7. I have also carefully perused the record
of the caseand have no hesitation to observe that impugned judgment is speaking
one and elaborate which does not suffer from any illegality, gross
irregularity, infirmity, hence, it does not require any interference by this
Court. It is settled law that if a simple
circumstance creates reasonable doubt in a prudent mind about the guilt of the
accused, then he will be entitled to such benefit not as a matter of grace and
concession but as a matter of right. Reliance in this regard is placed on the cases
of TARIQ PERVEZ v. THE STATE(1995
SCMR 1345), MUHAMMAD SAEED v. THE STATE
(2008 P.Cr.L.J. 1752), GHULAM MURTAZA v.
THE STATE (2010 P.Cr.L.J. 461), MOHAMMAD MANSHA v.

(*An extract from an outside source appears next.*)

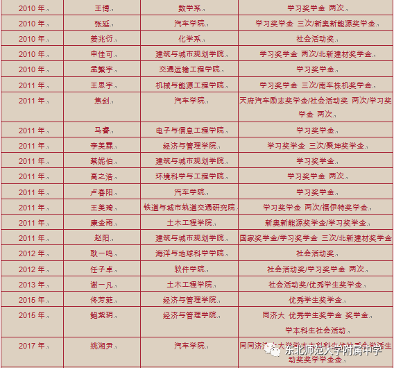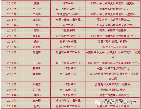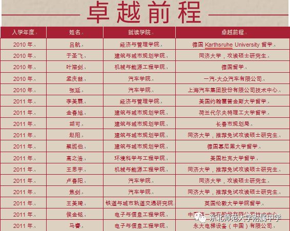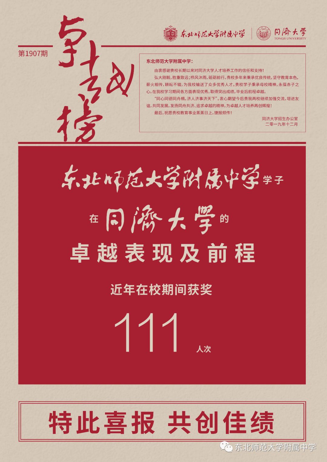 值此东北师大附中建校70周年之际,同济大学向我校发来喜报,近年我校毕业生共有111人在同济大学求学期间荣获各种奖励荣誉、取得卓越成就,这是两校在基础学科拔尖创新人才衔接培养方面取得的又一硕果。十年来附中向同济大学输送附中优秀毕业生218名、向国内985以上高校输送附中优秀毕业生人数达到8067名!母校希望所有附中校友坚持理想、追求卓越,更希望大家在中华民族伟大复兴征程中做出卓越贡献!

THE STATE (2018 SCMR
772).
8. It is not out of context to make here
necessary clarification that an appeal against acquittal has distinctive
features and the approach to deal with the appeal against conviction is
distinguishable from the appeal against the acquittal because the presumption of double innocence is attached in
the later case. Order of acquittal can
only be interfered with, if it is found on its face to be capricious, perverse,
and arbitrary in nature or based on a misreading, non-appraisal of evidence or
is artificial, arbitrary and lead to a gross
miscarriage of justice. Mere disregard of technicalities in a criminal trial
without resulting injustice is not enough for interference in the judgment of acquittal gives rise to a strong presumption of innocence rather double
presumption of innocence is attached to such an order. While examining the
facts in the order/Judgment of acquittal, substantial weight should be given to
the findings of the lower Courts, whereby accused were exonerated from the
commission of crime as held by the Apex Court in the case of MUHAMMAD IJAZ AHMAD v. FAHIM
AFZAL(1998 SCMR 1281) and JEHANGIR v. AMINULLAH
AND OTHERS (2010 SCMR 491).It is also a settled principle of law as held in a plethora of case law that acquittal would be
unquestionable when it could not be said that acquittal was either perverse or
that acquittal judgment was improper or incorrect as it is settled that
whenever there is doubt about guilt of accused, its benefit must go to him and
Court would never come to the rescue of prosecution to fill-up the lacuna
appearing in evidence of prosecution case as it would be against established
principles of dispensation of criminal justice.
9. Suffice it to say that there is hardly any
improbability or infirmity in the impugned judgment of acquittal recorded by
the learned trial Court, which is based
on sound and cogent reasons that do not
warrant any interference by this Court. The appellant has
miserably failed to establish extraordinary
reasons and circumstances, whereby the acquittal judgment recorded by the trial
Court may be interfered with by this court.
10. This is a Criminal Acquittal Appeal and I cannot
lose sight of the doctrine of double innocence, which is attached to such
proceedings. Consequently, the instant Criminal Acquittal Appeal is dismissed.